> YOUR GOAL:
Below are some records. Print exactly the lines between the one holding "This template is" and the one holding "Según Alex Shevchenko, el", inclusive, and nothing else.

> RECORDS TO USE:
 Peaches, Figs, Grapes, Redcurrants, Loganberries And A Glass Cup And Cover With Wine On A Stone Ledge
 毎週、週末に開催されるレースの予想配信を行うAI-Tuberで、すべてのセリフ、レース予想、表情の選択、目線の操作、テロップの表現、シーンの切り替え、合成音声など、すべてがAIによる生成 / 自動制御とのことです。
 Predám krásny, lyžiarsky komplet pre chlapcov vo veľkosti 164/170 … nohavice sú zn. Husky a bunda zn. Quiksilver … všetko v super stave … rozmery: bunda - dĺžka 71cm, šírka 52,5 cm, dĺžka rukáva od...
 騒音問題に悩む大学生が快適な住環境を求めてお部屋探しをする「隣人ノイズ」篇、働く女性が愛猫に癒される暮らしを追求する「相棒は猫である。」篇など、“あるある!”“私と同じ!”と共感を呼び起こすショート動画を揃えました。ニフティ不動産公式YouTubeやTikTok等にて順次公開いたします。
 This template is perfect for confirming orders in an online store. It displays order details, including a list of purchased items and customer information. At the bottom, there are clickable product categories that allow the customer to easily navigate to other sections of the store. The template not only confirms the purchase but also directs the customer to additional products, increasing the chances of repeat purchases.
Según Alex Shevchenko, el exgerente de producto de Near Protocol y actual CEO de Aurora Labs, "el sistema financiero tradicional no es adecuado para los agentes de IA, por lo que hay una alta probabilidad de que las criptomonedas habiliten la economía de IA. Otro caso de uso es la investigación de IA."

* * *

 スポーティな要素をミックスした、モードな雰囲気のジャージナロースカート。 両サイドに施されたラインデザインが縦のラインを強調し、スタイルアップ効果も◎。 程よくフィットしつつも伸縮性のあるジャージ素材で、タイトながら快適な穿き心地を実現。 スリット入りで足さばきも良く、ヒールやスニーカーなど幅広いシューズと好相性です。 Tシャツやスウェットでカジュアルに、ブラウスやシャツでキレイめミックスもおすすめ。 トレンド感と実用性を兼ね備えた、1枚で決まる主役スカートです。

---

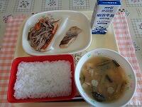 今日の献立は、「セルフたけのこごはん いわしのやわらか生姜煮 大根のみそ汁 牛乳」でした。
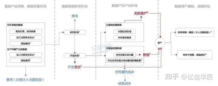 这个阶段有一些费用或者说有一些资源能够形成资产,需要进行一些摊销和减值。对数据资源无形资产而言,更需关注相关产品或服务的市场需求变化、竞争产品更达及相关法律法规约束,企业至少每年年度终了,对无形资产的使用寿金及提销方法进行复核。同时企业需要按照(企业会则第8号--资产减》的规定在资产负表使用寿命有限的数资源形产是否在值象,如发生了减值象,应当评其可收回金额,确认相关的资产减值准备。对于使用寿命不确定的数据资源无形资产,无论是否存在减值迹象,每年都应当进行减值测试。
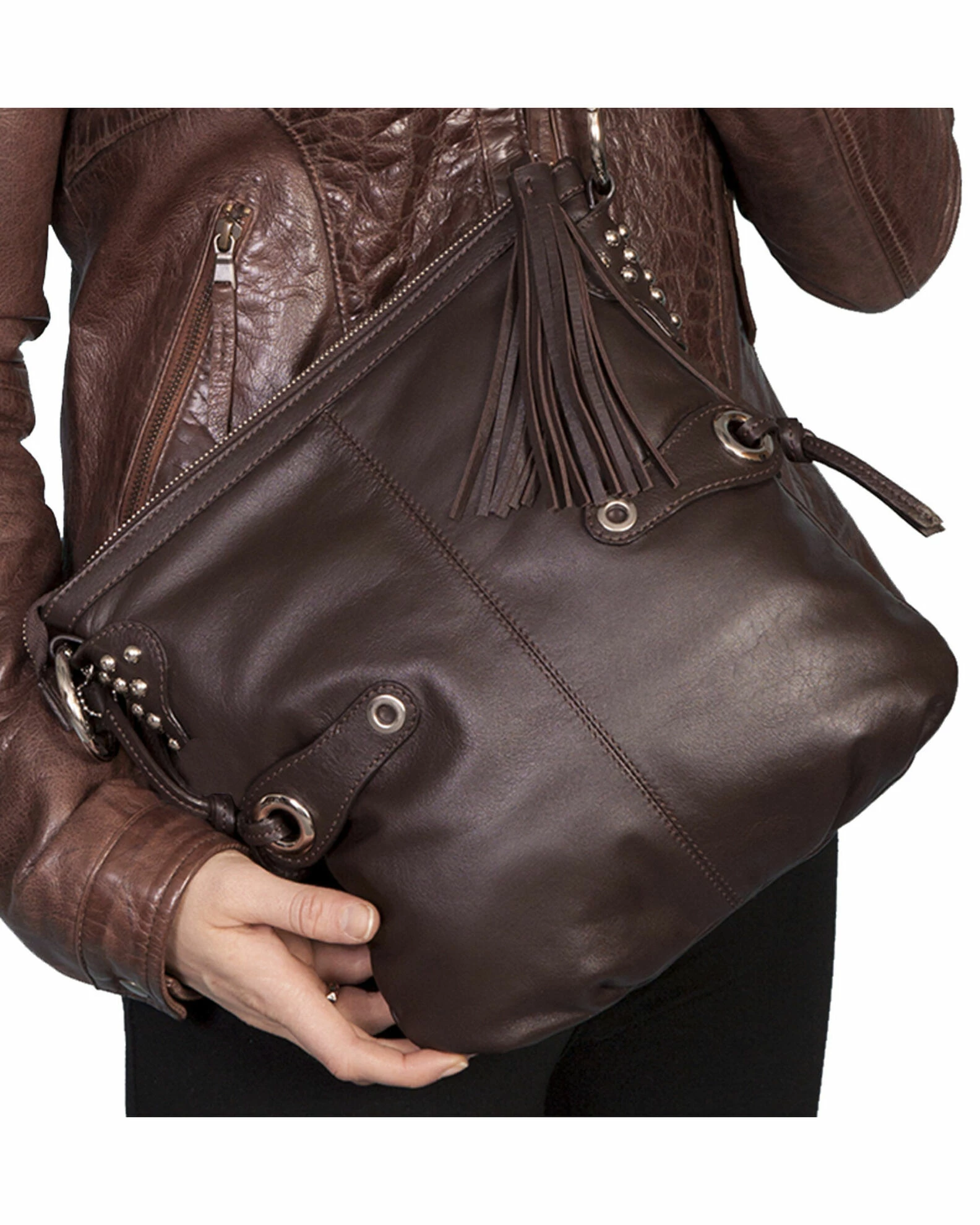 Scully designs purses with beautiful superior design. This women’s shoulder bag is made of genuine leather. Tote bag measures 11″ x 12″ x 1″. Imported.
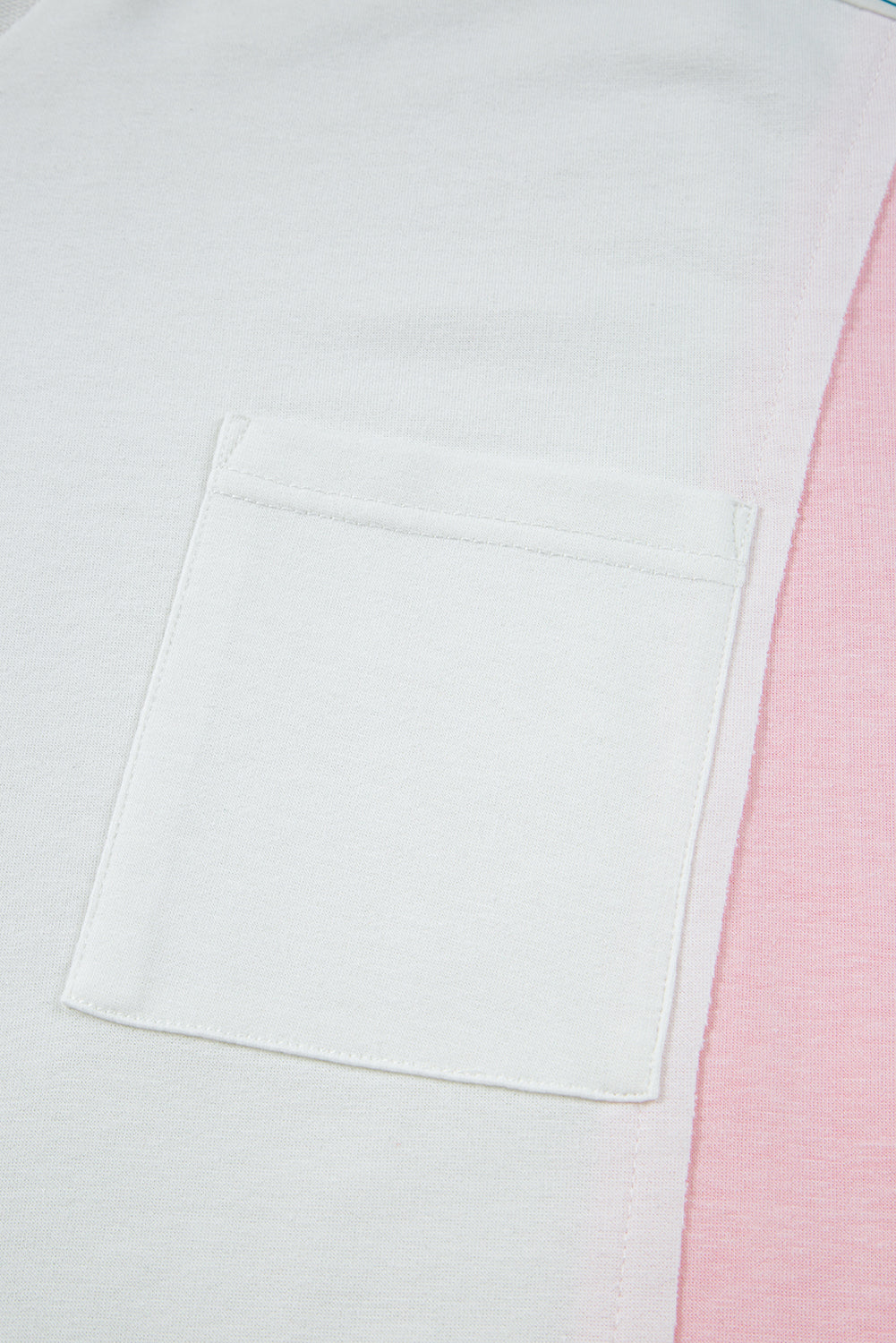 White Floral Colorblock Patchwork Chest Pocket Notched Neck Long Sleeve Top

> SOLUTION TO THIS TASK:
 This template is perfect for confirming orders in an online store. It displays order details, including a list of purchased items and customer information. At the bottom, there are clickable product categories that allow the customer to easily navigate to other sections of the store. The template not only confirms the purchase but also directs the customer to additional products, increasing the chances of repeat purchases.
Según Alex Shevchenko, el exgerente de producto de Near Protocol y actual CEO de Aurora Labs, "el sistema financiero tradicional no es adecuado para los agentes de IA, por lo que hay una alta probabilidad de que las criptomonedas habiliten la economía de IA. Otro caso de uso es la investigación de IA."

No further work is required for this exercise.